- Task goal -
In the entries below, find the line with "Wildflower Dachshunds Signature" and the line with "TG-5006CJ,TG-5"; reproduce those two lines and all lines between them exactly, without pictures.

++++ Record set ++++

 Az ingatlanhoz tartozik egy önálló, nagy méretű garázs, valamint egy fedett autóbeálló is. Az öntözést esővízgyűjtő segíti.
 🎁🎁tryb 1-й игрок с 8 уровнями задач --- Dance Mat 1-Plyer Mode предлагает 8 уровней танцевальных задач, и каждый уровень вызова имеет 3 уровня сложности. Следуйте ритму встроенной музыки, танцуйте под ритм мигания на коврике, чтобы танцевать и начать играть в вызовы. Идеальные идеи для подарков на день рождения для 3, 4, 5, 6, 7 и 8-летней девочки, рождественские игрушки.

++++
++++ Record set ++++

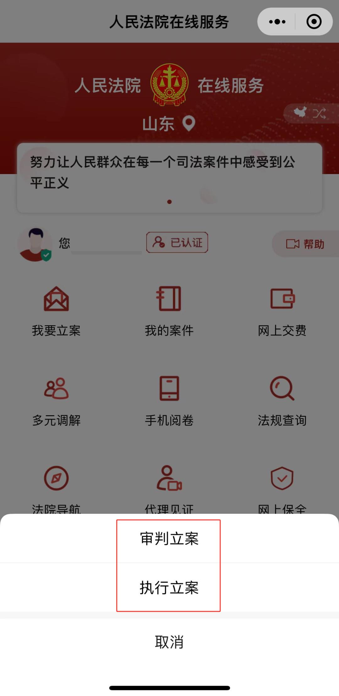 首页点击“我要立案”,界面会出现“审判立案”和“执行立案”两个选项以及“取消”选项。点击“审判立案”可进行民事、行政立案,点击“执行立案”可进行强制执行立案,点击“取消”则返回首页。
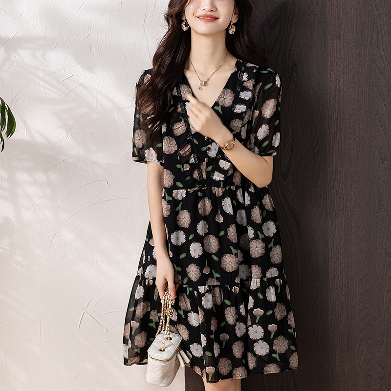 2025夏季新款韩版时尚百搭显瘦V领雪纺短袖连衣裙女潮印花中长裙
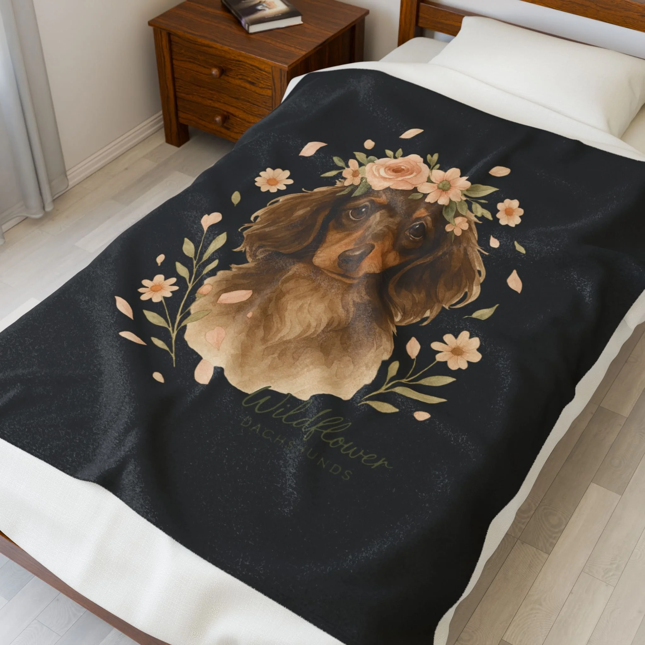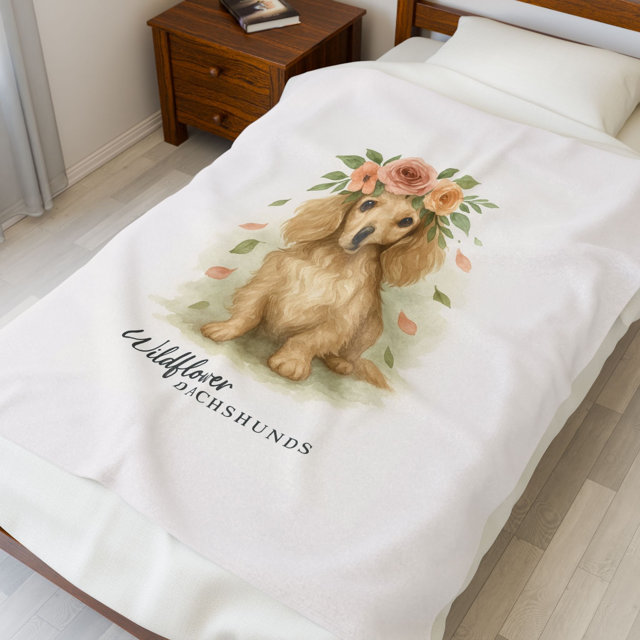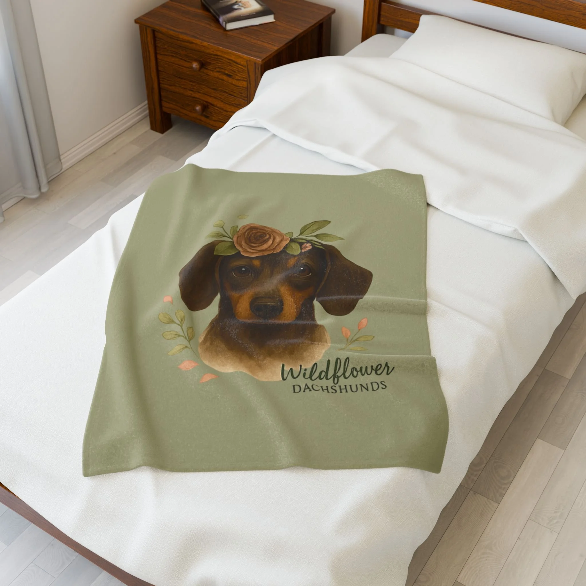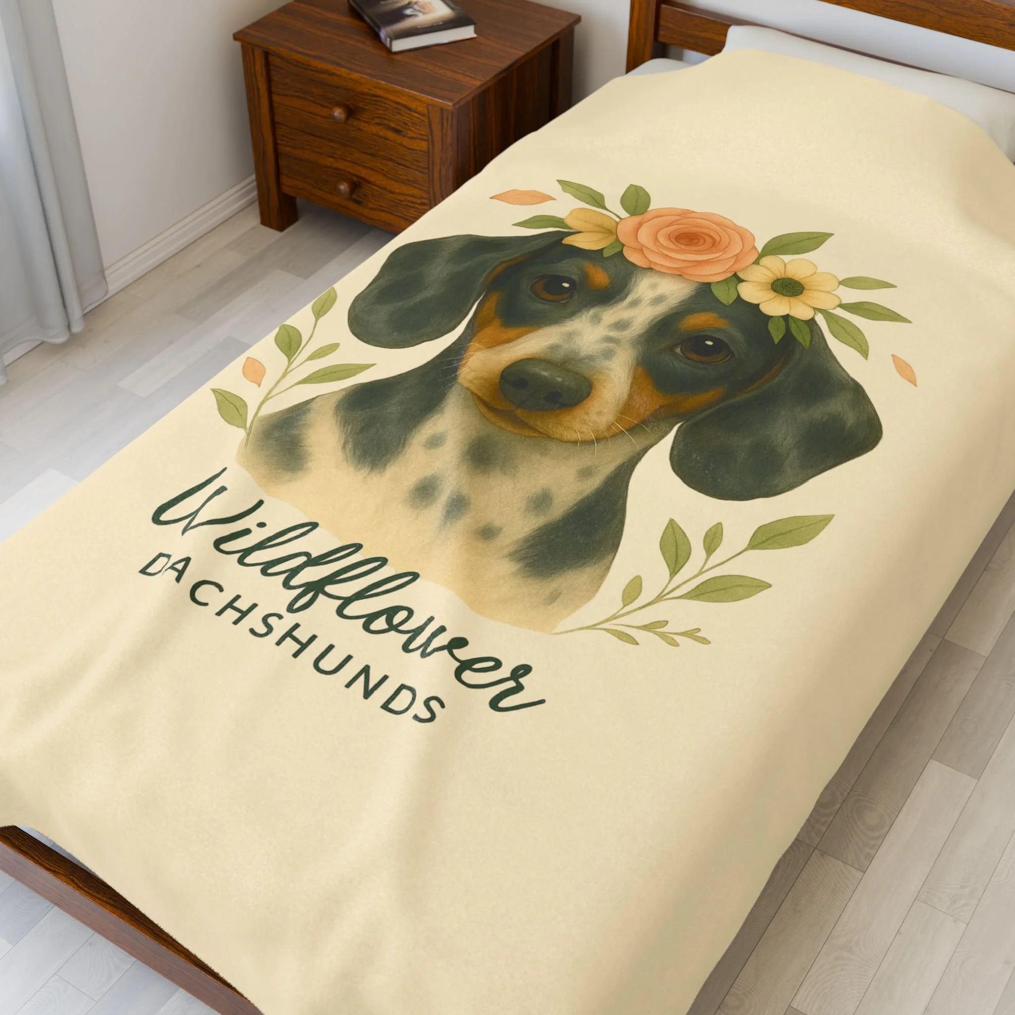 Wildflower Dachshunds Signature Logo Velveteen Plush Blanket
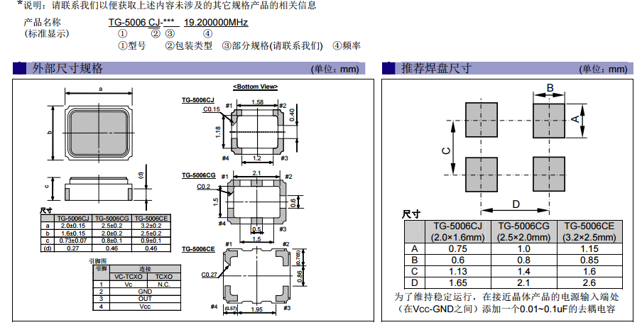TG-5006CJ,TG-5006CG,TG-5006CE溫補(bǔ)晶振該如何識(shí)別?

++++
++++ Record set ++++

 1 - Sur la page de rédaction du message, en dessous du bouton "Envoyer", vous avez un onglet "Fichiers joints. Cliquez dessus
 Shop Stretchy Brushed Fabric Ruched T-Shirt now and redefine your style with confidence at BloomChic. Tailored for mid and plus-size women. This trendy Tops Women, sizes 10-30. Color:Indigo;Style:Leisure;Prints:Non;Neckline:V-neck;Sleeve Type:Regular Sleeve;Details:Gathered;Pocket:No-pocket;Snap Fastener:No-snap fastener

++++

- Completed task -
 Wildflower Dachshunds Signature Logo Velveteen Plush Blanket
TG-5006CJ,TG-5006CG,TG-5006CE溫補(bǔ)晶振該如何識(shí)別?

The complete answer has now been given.